The method may be useful for and adapted to any similar foundation. The proof of successful operation is the Family House itself, whereas the professional CSR award, which the project was granted in 2014 and 2015 (CSR-Hungary, PR federation), recognises its innovative character. The modern way of fundraising via a foundation is closely connected to corporate social responsibility. The method basically alloys the ancient wisdom “Do not give me a fish, teach me how to fish” and the modern corporate logic focusing on result. The continuous strategic cooperation between the corporations and the private sector basically impossible for objectives that require long-term cooperation and perseverant work. The solution offered by the Bethesda Foundation may show the way out from this deadlock situation, which is unfortunately well-known to so many. From this point of view, it is worth informing the public opinion, and especially the corporate sector about the concrete example of the Bethesda Family House.

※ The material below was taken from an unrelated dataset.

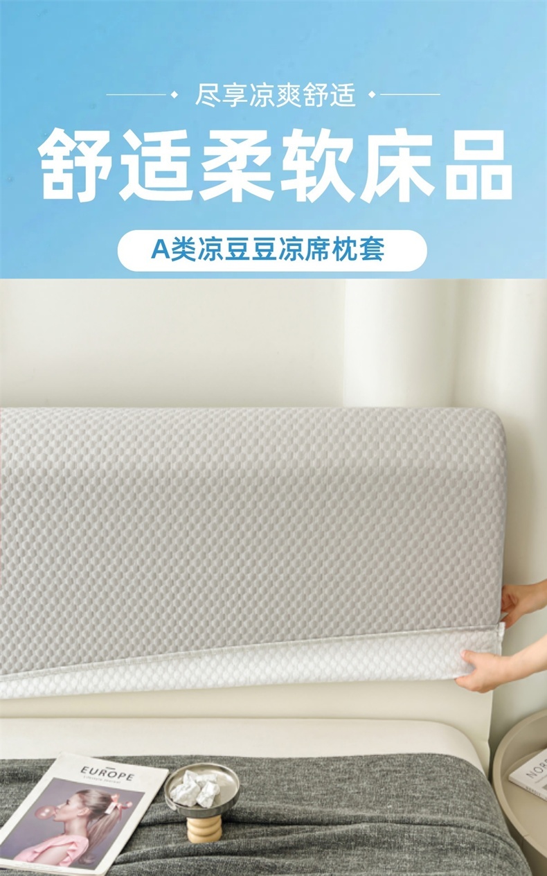 商品名称:梦舒羽 2026新款A类凉感冰豆豆凉席床头罩靠背套-有外贸尺寸可以联系 凉豆豆-海盐灰

In 2011, the Hungarian management of SCA, representing the Swedish corporate values and business culture, contacted proactively the Bethesda Foundation, as they considered that the new tax law would make it more difficult for us to pursue our children health care and education programmes which are gap fillers. In order to remedy the situation, SCA offered us that they would design their strategic CSR programme until 2015, the company’s 30th anniversary, along the lines of a transparent strategic cooperation. It also contacted its own business partners, among others SPAR and Hungaropharma, to reach their common customers.  From the outset, the strategy managed the short-term project of collection of donations by selling SCA products and the long-term PR activity aiming to increase the number of supporters offering 1% of their personal income tax. As a result, more than 10 million HUF of direct funding was collected, the number of those supporting the project with their personal income tax increased by 25%, and finally the Bethesda Family House was built and its operation is sustainable. Bethesda’s credo „My reward is that I can do it” and the SCA credo „We care for life” are in harmony, and reveal two complementary attitudes and daily practices.

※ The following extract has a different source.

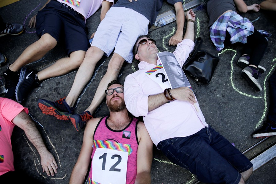 Read moreMarchers participate in a die-in while holding pictures of those killed in the Orlando mass shooting as others in their contingent chant “silence equals death” at the San Francisco LGBT Pride Parade in San Francisco, California, June 26, 2016. #

Finally, the best hospital care – which may often take several months – can only mark the beginning of a successful healing process, which usually takes several years and starts when the children return to their home. It is obvious that even a completely healthy child would suffer psychological harm if they had to spend several months in a perfectly unknown environment, without their parents and family, and suffer painful things that some men and ladies in a white gown, although smiling, do to them from time to time. It is even more so in the case of children who suffer from severe burn traumatism. It should not be allowed that the children are left alone in this process, because without the supportive presence of the parents total healing cannot be achieved. It is our responsibility to create the conditions for the parents to fulfil their obligation in such circumstances, as it is part of a preventive healing and cure. However, it takes time to implement such a structure, especially because the local needs and possibilities may differ considerably. The solution can be found locally, in a joint effort by the state, the church, the civil society and the corporations. What we need is not a solution provided by the state, but a solution supported by the state, an aspect which has to be taken into consideration if we want other “Family Houses” to be opened throughout the country.